Information supplied —
▬▬▬▬▬▬

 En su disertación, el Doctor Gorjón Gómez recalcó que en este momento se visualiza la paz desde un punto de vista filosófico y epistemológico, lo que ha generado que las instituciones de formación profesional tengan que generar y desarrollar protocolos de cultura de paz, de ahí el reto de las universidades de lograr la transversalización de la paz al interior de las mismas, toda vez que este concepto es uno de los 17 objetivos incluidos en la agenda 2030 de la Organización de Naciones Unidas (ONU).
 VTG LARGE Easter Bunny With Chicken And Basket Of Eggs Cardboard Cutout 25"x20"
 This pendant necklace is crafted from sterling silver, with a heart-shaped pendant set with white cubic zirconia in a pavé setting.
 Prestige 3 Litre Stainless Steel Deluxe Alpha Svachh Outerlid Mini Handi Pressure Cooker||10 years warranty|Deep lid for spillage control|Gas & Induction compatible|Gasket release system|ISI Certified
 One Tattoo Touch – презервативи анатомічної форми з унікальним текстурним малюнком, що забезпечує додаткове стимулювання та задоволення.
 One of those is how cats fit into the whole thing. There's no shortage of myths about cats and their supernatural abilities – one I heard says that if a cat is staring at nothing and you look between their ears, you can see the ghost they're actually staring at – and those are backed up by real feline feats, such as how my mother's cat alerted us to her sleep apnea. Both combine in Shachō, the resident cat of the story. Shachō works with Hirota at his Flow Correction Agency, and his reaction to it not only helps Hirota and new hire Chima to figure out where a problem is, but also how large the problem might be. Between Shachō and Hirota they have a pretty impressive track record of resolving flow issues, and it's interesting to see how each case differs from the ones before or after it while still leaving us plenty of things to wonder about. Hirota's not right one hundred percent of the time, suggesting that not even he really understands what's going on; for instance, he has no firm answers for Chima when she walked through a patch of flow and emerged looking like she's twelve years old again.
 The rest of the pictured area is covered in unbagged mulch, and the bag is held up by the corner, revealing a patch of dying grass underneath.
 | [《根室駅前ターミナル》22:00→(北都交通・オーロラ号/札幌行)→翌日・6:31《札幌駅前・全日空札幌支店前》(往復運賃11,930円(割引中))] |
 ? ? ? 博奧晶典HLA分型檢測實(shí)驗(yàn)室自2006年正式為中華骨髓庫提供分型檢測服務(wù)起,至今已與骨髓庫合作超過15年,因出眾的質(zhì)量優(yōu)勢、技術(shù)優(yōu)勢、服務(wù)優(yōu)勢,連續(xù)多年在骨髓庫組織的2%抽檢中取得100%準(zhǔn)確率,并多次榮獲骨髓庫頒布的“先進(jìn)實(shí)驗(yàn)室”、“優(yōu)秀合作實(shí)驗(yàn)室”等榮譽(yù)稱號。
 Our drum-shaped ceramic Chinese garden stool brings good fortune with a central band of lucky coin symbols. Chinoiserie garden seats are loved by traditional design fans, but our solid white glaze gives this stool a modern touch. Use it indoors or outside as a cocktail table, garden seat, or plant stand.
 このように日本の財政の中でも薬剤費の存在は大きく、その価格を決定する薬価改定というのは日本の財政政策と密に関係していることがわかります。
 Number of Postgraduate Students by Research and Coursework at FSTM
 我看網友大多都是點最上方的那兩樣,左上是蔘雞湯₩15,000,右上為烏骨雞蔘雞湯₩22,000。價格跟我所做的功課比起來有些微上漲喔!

▬▬▬▬▬▬

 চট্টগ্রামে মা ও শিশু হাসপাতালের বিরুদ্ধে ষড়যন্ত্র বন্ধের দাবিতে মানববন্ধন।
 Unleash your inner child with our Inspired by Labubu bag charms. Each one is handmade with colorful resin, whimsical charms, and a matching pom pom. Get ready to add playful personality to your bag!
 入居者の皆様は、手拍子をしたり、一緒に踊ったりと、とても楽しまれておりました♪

▬▬▬▬▬▬

Work instruction —
Output exactly the lines of the material above from the one containing "En su disertación, el" up to and including the one containing "One Tattoo Touch".

Worked solution —
 En su disertación, el Doctor Gorjón Gómez recalcó que en este momento se visualiza la paz desde un punto de vista filosófico y epistemológico, lo que ha generado que las instituciones de formación profesional tengan que generar y desarrollar protocolos de cultura de paz, de ahí el reto de las universidades de lograr la transversalización de la paz al interior de las mismas, toda vez que este concepto es uno de los 17 objetivos incluidos en la agenda 2030 de la Organización de Naciones Unidas (ONU).
 VTG LARGE Easter Bunny With Chicken And Basket Of Eggs Cardboard Cutout 25"x20"
 This pendant necklace is crafted from sterling silver, with a heart-shaped pendant set with white cubic zirconia in a pavé setting.
 Prestige 3 Litre Stainless Steel Deluxe Alpha Svachh Outerlid Mini Handi Pressure Cooker||10 years warranty|Deep lid for spillage control|Gas & Induction compatible|Gasket release system|ISI Certified
 One Tattoo Touch – презервативи анатомічної форми з унікальним текстурним малюнком, що забезпечує додаткове стимулювання та задоволення.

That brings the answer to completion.